The ESP will start September 1 and be in effect for three years, a spokesperson said Wednesday.
“The settlement we approve (Wednesday) today will serve to improve the service quality and reliability of the grid across AES Ohio’s service territory,” stated PUCO Chair Jenifer French. “Incentivizing off-peak electric vehicle charging, economic development opportunities, and customer and community assistance programs are exciting opportunities for Ohio consumers.”
Under the terms of the agreement, AES Ohio will continue to source electricity for its customers through a wholesale competitive bidding process.
The company will be required to file with PUCO a plan for distribution system maintenance that will focus spending on where it will have the greatest impact on maintaining and improving service reliability and resiliency of the grid and promoting equity for low-income communities, according to a PUCO spokesperson.
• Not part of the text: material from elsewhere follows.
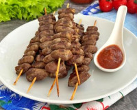 Приготовить его совсем несложно. Я замариновала куриныесердечки в соевом соусе, поэтому они получились очень вкусными и пикантными. Такой шашлык на шпажках можно подать и как самостоятельное блюдо, и с любым гарниром или свежими овощами. Для приготовления куриных сердечек на шпажках на мангале потребуется: куриныесердечки - 700 г; соевый соус - 6 ст. л.; чеснок - 2 зубчика; соль - щепотка; лимон - 1/2 шт. деревянные шпажки - 12-14 шт.

AES Ohio called the approval “a significant milestone” for both the company and the City of Dayton, in a statement Wednesday.
The company said the three-year plan will “strengthen service reliability, provide greater safeguards for price stability, and continue investments in the local economy, in a social media post.
“Approval of the ESP settlement represents a significant milestone for AES Ohio to create meaningful reliability improvements while supporting customer needs and the rapid growth of the Dayton region,” said Ahmed Pasha, acting AES President, of U.S. Utilities. “We are appreciative of the efforts and collaboration among our stakeholders to reach this settlement for the benefit of our customers.”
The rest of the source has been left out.